Milano’nun ardından Paris’te gerçekleşen defilelerle son bulan 2011 ilkbahar-yaz erkek koleksiyonlarının süperstarı, Belçikalı tasarımcı Kris Van Assche oldu. Kendi ismini taşıyan markanın dışında, heyecanla beklenen Dior koleksiyonunu da imzalayan tasarımcı, moda otoriteleri tarafından tam not aldı. Dünyanın en iyi erkek tasarımcısı olarak bilinen Hedi Sliman’ın ayrılmasından sonra Dior’un başına getirtilen Van Assche, volüm çalışmaları ile erkek modasının rotasını değiştirmeyi başaran ender tasarımcılardan biri olarak ünlendi.
‘Createur’ (tasarımcı) olarak adlandırılan erkek tasarımcıların bayrağını taşıdığı markaların uluslararası performanslarına göre açıklanan ilk beş sıralaması ise şöyle:
1- Dior, 2- Lanvin, 3- Dolce&Gabanna, 4- Paul Smith, 5- Dries Van Noten
Siyah ve beyaz öne çıktı
Van Assche’nin, 2011 yaz sezonu Dior erkeğini, markanın kimliğini oluşturan siyah-beyaz renklerde ve grafik çizgiler taşıyan hatlarda yorumlamış olduğu gözlendi.
Derin V yaka gömlek ve tişörtler dışında şal yakalı, kolsuz ve düz hatlı trench modelleri ilgi çekti.
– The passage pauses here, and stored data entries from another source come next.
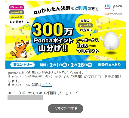 1GB(7日間)のプロモコードが届きました!!
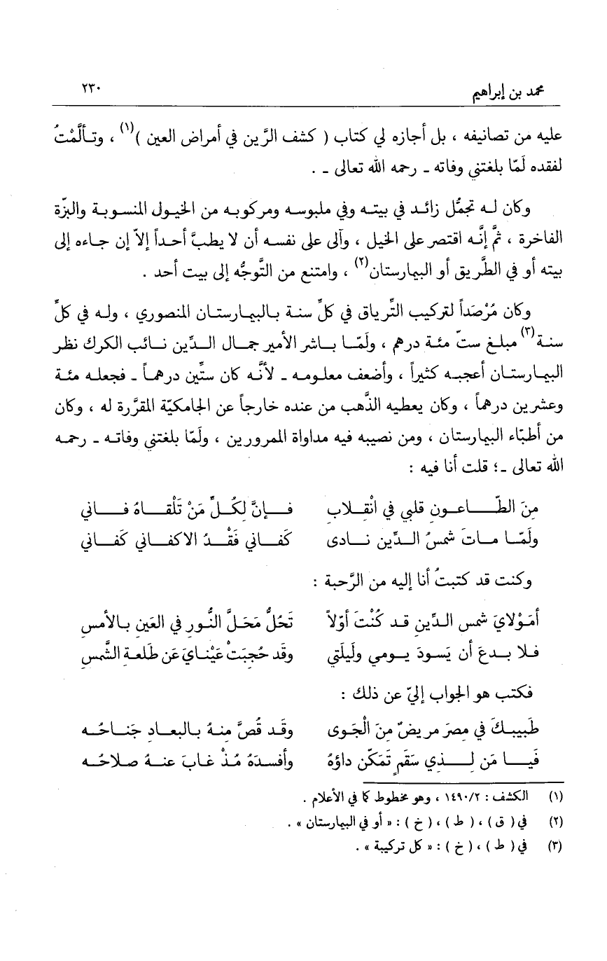 عليه من تصانيفه، بل أجازه لي كتاب " كشف الرين في أمراض العين "، وتألمت لفقده لما بلغتني وفاته - رحمه الله تعالى -.
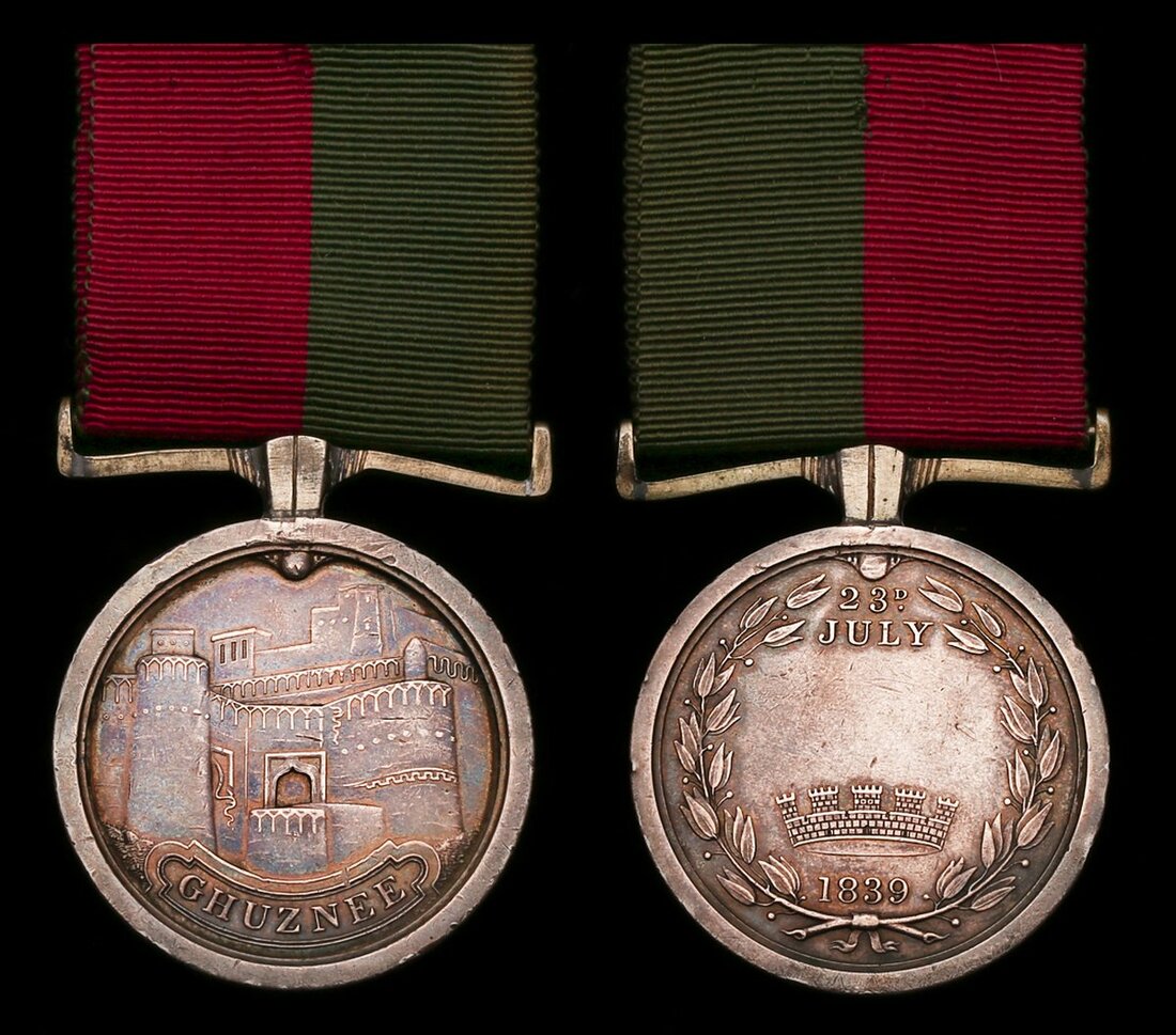 (x) Ghuznee 1839 (Jas Foley, 13th Regt.) naming engraved in fine running script around the edge, fitted with original suspension, contact wear overall, nearly very fine
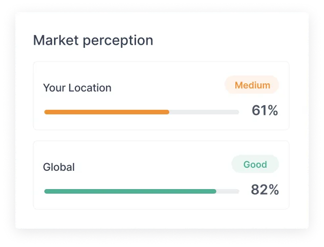 How AI describes your brand in the chosen region compared to its global perception. Identifies geographic blind spots.
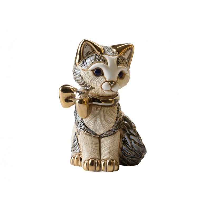 Cet adorable chaton portant un ruban rouge a été réalisé avec des émaux brillants et des touches d'or.
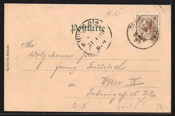 gelaufen 1899, Eckknick li. oben, guter Zustand
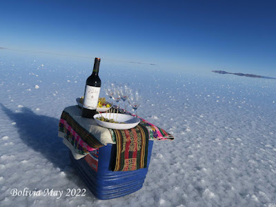 We got back in the 4x4 for another hour drive. Yes, the salt flats are vast. We came to an area that had about an inch of water. We took more pictures. Wence served us wine and snacks as we waited for the sun to set.
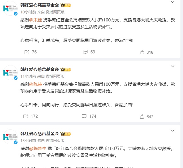 另外,韩红爱心慈善基金会也感谢了宋佳、陈楚生、陈赫等多位明星,携手韩红基金会各捐赠善款人民币100万元,支援香港大埔火灾救援,款项定向用于受灾居民的过渡安置及生活物资补给。
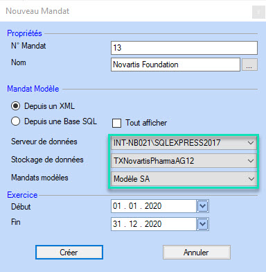 Lorsque vous créez un nouveau mandat, tous les comptes et données de base du mandat modèle sont copiés. Sous Exercice, dans la partie inférieure du dialogue, il est important d'insérer ici le premier exercice géré dans ce mandat. Il n'est pas possible de créer un exercice antérieur ultérieurement. La dernière étape consiste à lancer le processus avec le bouton [Créer].
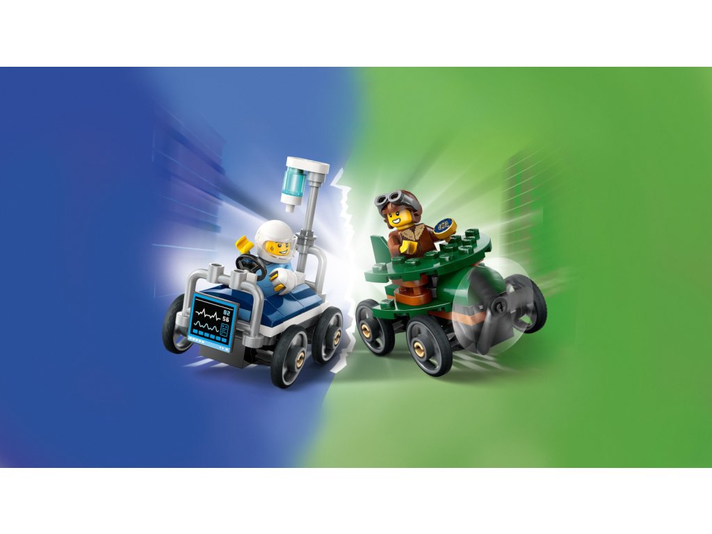 - Stavebnice závodních minikár – Překvapte malého milovníka závodů od 5 let stavebnicí LEGO® City Závodní balíček: Letadlo vs. nemocniční lůžko

Moda dünyasının ‘arsız çocuğu’ Jean Paul Gaultier’in ise artık uslanmaya başladığı bir kez daha gözlendi. 2011 erkeğini ‘monochrome’ ve ‘total look’ kodları ile sunan Gaultier, ceket, pantolon, gömlek ve kravat formülünü tek kumaştan tasarlayarak ‘Gaultier’liğini’ yapmış oldu. Kruvaze ceketin düğmelerini bile aynı kumaştan kaplatan ünlü tasarımcı, hâkimiyeti tartışmasız bir moda dersi vermiş oldu. Total look koleksiyonunun bir diğer ilginç örneği ise ceket ve gömleğin enjeksiyon tekniği ile boyanarak bir bütünmüş hissini vermiş olmasıydı.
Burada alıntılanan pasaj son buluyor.